*PROMPT*:
What you return should be the complete listing, unchanged, with no pictures in it.

=== Begin Enclosure ===

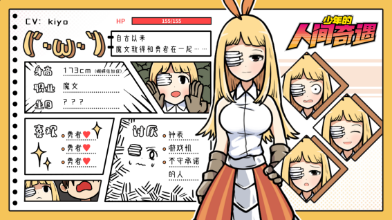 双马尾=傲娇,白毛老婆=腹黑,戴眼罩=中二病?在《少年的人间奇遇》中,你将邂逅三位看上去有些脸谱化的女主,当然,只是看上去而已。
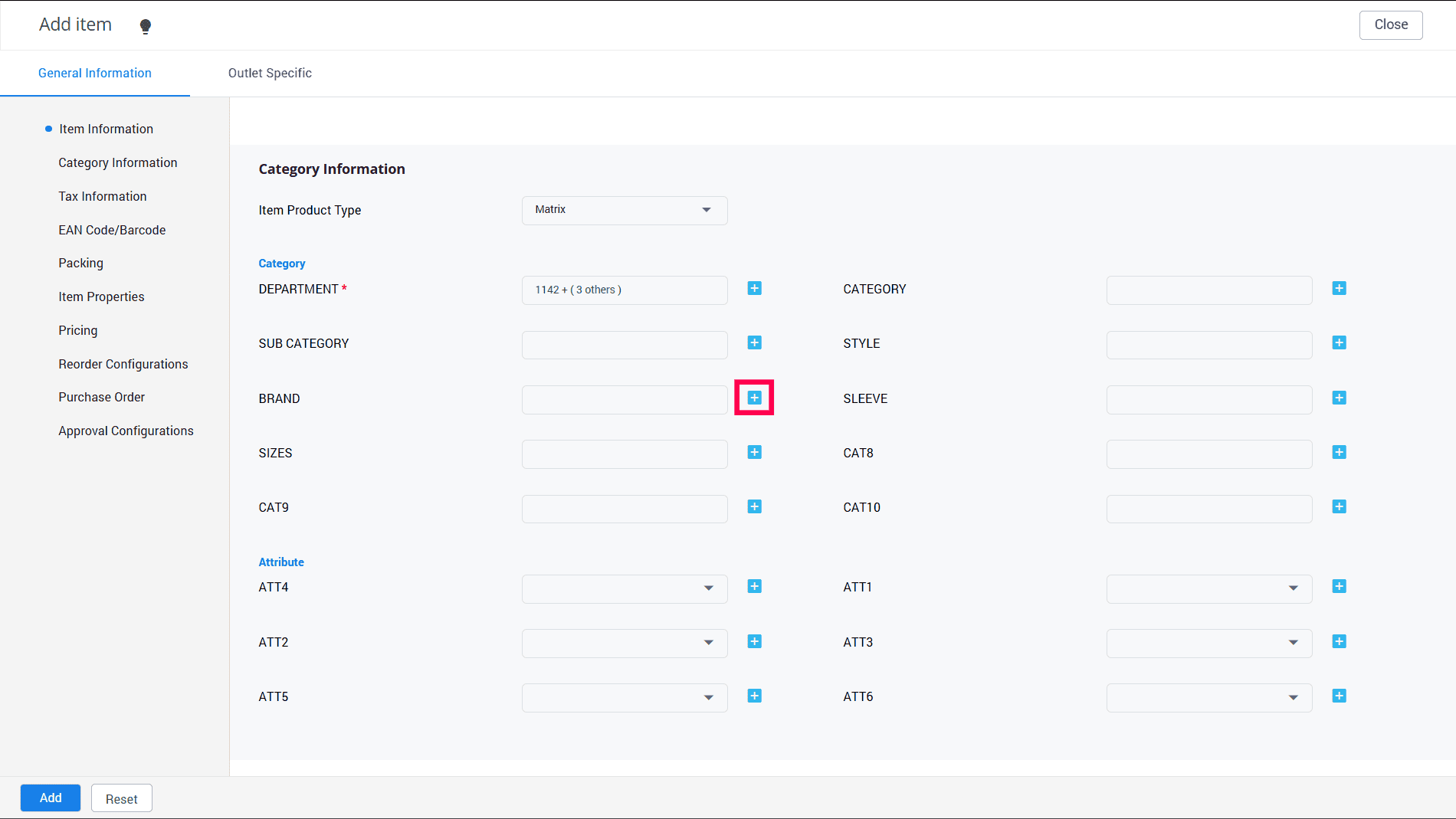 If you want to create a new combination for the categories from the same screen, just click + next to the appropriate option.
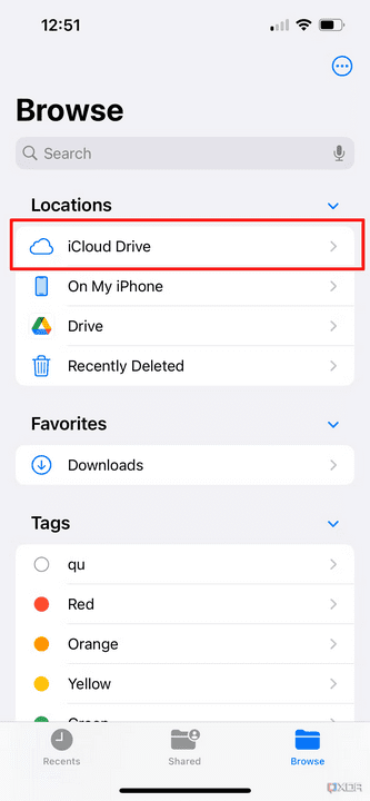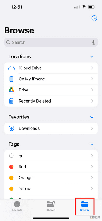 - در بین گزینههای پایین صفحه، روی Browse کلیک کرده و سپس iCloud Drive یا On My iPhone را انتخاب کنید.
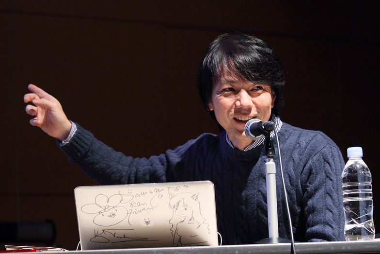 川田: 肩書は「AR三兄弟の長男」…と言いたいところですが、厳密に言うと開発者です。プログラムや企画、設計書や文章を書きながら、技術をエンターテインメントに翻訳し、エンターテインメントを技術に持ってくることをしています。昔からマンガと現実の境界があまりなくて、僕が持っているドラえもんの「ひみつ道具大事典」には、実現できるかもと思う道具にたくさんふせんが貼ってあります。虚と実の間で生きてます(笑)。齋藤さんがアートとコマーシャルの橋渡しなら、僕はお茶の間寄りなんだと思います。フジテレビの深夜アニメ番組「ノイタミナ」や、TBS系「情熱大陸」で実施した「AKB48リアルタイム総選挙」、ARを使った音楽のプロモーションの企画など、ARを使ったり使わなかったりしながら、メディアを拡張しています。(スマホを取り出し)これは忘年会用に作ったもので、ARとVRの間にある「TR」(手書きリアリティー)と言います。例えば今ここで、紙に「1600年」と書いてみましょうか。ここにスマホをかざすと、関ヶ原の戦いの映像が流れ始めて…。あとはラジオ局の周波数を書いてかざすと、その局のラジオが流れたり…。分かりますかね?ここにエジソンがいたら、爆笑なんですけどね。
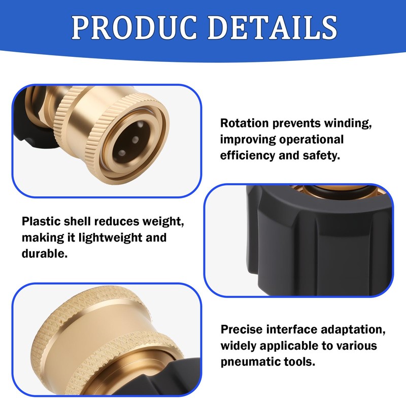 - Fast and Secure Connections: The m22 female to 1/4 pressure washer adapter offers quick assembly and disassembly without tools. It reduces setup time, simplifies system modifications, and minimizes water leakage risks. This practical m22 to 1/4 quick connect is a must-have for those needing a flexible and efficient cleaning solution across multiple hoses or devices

=== End Enclosure ===

*WRITTEN SOLUTION*:
 双马尾=傲娇,白毛老婆=腹黑,戴眼罩=中二病?在《少年的人间奇遇》中,你将邂逅三位看上去有些脸谱化的女主,当然,只是看上去而已。
 If you want to create a new combination for the categories from the same screen, just click + next to the appropriate option.
 - در بین گزینههای پایین صفحه، روی Browse کلیک کرده و سپس iCloud Drive یا On My iPhone را انتخاب کنید.
 川田: 肩書は「AR三兄弟の長男」…と言いたいところですが、厳密に言うと開発者です。プログラムや企画、設計書や文章を書きながら、技術をエンターテインメントに翻訳し、エンターテインメントを技術に持ってくることをしています。昔からマンガと現実の境界があまりなくて、僕が持っているドラえもんの「ひみつ道具大事典」には、実現できるかもと思う道具にたくさんふせんが貼ってあります。虚と実の間で生きてます(笑)。齋藤さんがアートとコマーシャルの橋渡しなら、僕はお茶の間寄りなんだと思います。フジテレビの深夜アニメ番組「ノイタミナ」や、TBS系「情熱大陸」で実施した「AKB48リアルタイム総選挙」、ARを使った音楽のプロモーションの企画など、ARを使ったり使わなかったりしながら、メディアを拡張しています。(スマホを取り出し)これは忘年会用に作ったもので、ARとVRの間にある「TR」(手書きリアリティー)と言います。例えば今ここで、紙に「1600年」と書いてみましょうか。ここにスマホをかざすと、関ヶ原の戦いの映像が流れ始めて…。あとはラジオ局の周波数を書いてかざすと、その局のラジオが流れたり…。分かりますかね?ここにエジソンがいたら、爆笑なんですけどね。
 - Fast and Secure Connections: The m22 female to 1/4 pressure washer adapter offers quick assembly and disassembly without tools. It reduces setup time, simplifies system modifications, and minimizes water leakage risks. This practical m22 to 1/4 quick connect is a must-have for those needing a flexible and efficient cleaning solution across multiple hoses or devices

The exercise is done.